There is a long list of relatively newly recognized diseases, even though these viruses have been around for a long time. The list only starts with Ebola and includes Marburg, Nipah, Lyssavirus, MERS and SARS.
If we look at the outbreaks of new human diseases, about 70% of them come from an animal to a human. The likely cause is human encroachment on environments where humans were not before — and where people get in close proximity to different animals. That is essentially how these diseases spread.
Enter the fruit bat
The viruses that we have documented recently all seem to be associated with migratory fruit bats.
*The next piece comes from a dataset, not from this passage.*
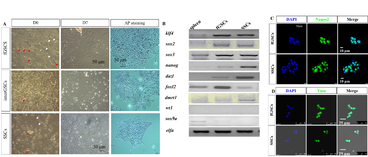 中国科学院水生生物研究所孙玉华研究员团队从黄鳝的卵巢、间性性腺和精巢中分离培养出生殖干细胞,经研究发现,GSCs存在于不同发育时期的黄鳝性腺中。通过特殊的方法和培养基,科研人员成功富集培养出雌雄生殖干细胞(fGSCs)、间性生殖干细胞(interGSCs)和雄性生殖干细胞(SSCs)。有趣的是interGSCs事实上是一群混合型的生殖干细胞,里面同时包含fGSCs和SSCs。进一步对分离的GSCs进行定性分析,发现分离培养的GSCs都表达干细胞的特征,包括形成典型的干细胞克隆、碱性磷酸酶阳性和高表达生殖干细胞特异性基因和蛋白。

These bats are shy animals. They live in the high canopies of rainforests. In fact, they are among the great pollinators of planet Earth, like bees to flowers. The bats are pollinating our rainforests.
Without them, we would simply have no rainforests. And these rainforests matter greatly to us humans, in part because they are the oxygen-producing lungs of the planet. Aside form their environmental benefits, many important substances come from the rainforests, including providing the basis for drugs used to combat illnesses.
As it turns out, the populations of these fruit bats are clearly stressed, just as the rainforests themselves are clearly stressed by climate change. The question is: Are we stressing these populations of bats so much that they are taking risks, which these shy nocturnal animals would otherwise never take? Are they coming closer to human habitation and agriculture, because they are basically starving?
The 24-hour-news cycle has raised fears and many Americans worry about their personal health. This is not helpful. It remains highly unlikely that the virus will accidentally find its way to the USA, Canada or Europe; were it to do so, swift containment is likely.
Americans should, however, fear on behalf of the people of West Africa, worry about their dire financial straits and paucity of skilled health workers, and wonder what might next emerge from our climate-stressed forests and other ecospheres.
Our instinct may just be to shut ourselves off from being affected by the Ebola virus. And yet, that is not just a poor choice. It is an impossible choice.
Takeaways
“We are outsiders dressed in space suits – and we don’t look like you, but you should believe us.”
The countries hit by Ebola have experienced brutal civil wars and heinous human rights violations, eroding trust.
Fruit bats, shy nocturnal animals, are taking risks to get food – and transmitting infections. Why now?